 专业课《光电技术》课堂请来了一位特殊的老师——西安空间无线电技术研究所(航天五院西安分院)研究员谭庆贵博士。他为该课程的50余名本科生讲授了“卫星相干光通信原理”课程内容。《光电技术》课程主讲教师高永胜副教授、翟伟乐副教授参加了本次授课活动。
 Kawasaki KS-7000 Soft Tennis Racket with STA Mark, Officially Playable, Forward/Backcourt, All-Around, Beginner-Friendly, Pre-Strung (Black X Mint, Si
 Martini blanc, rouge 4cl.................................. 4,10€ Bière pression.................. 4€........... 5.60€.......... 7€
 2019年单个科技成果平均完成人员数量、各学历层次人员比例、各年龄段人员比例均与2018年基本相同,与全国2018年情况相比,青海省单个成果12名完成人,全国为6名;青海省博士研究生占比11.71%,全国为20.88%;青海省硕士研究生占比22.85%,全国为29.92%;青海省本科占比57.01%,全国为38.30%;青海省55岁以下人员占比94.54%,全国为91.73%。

--

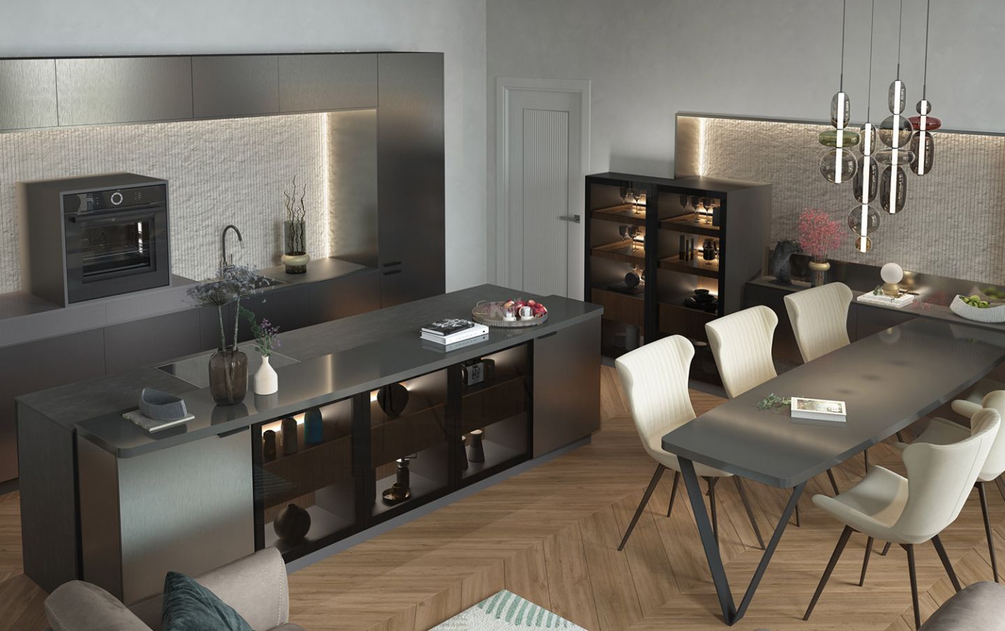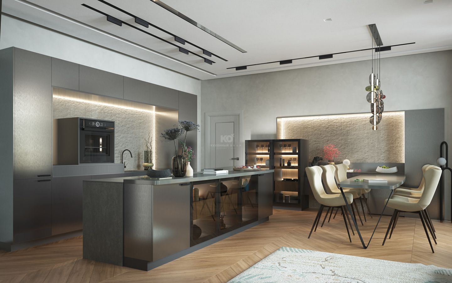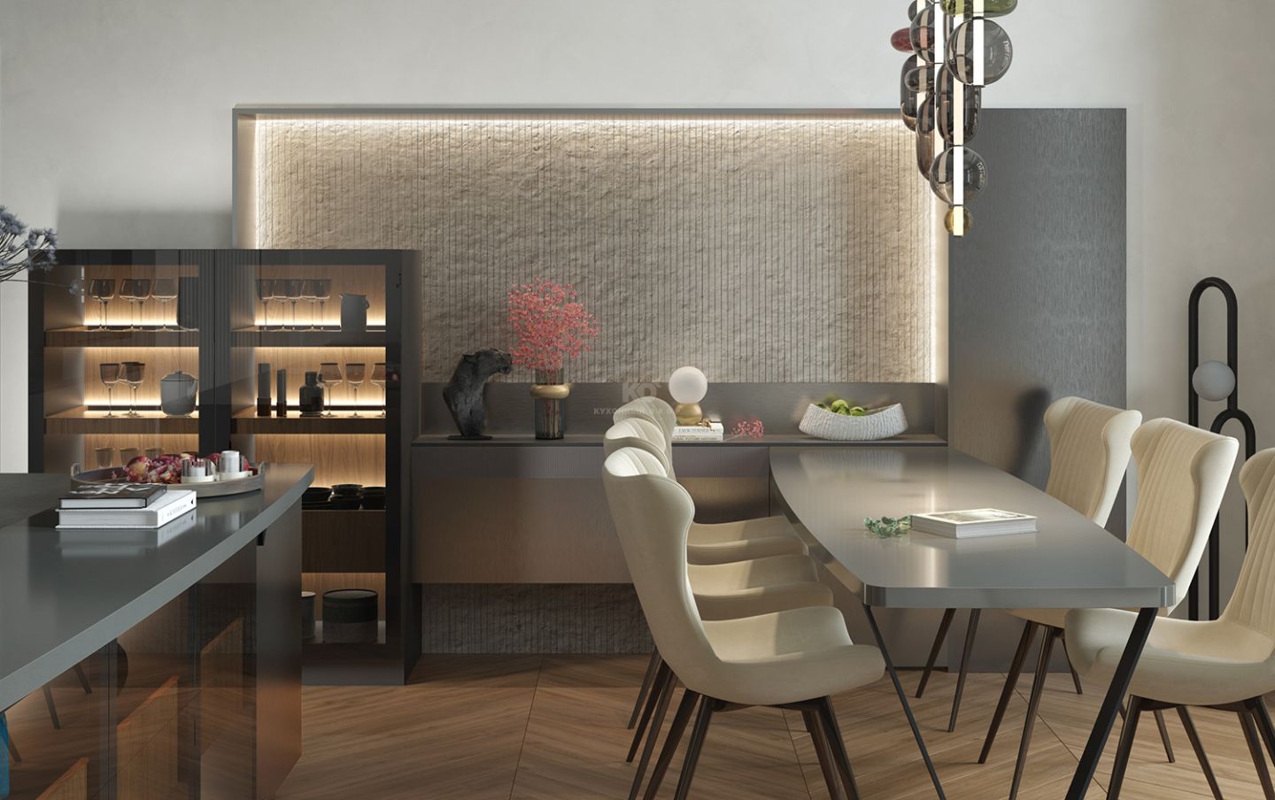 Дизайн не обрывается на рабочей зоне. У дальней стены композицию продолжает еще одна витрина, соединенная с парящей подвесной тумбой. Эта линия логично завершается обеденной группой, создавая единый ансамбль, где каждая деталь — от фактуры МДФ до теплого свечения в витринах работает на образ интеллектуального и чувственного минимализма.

## Problem to work on
For the listing above, print only the lines starting at the line containing "Martini blanc, rouge" and ending at the line containing "2019年单个科技成果平均完", exactly, both included.

## The answer
 Martini blanc, rouge 4cl.................................. 4,10€ Bière pression.................. 4€........... 5.60€.......... 7€
 2019年单个科技成果平均完成人员数量、各学历层次人员比例、各年龄段人员比例均与2018年基本相同,与全国2018年情况相比,青海省单个成果12名完成人,全国为6名;青海省博士研究生占比11.71%,全国为20.88%;青海省硕士研究生占比22.85%,全国为29.92%;青海省本科占比57.01%,全国为38.30%;青海省55岁以下人员占比94.54%,全国为91.73%。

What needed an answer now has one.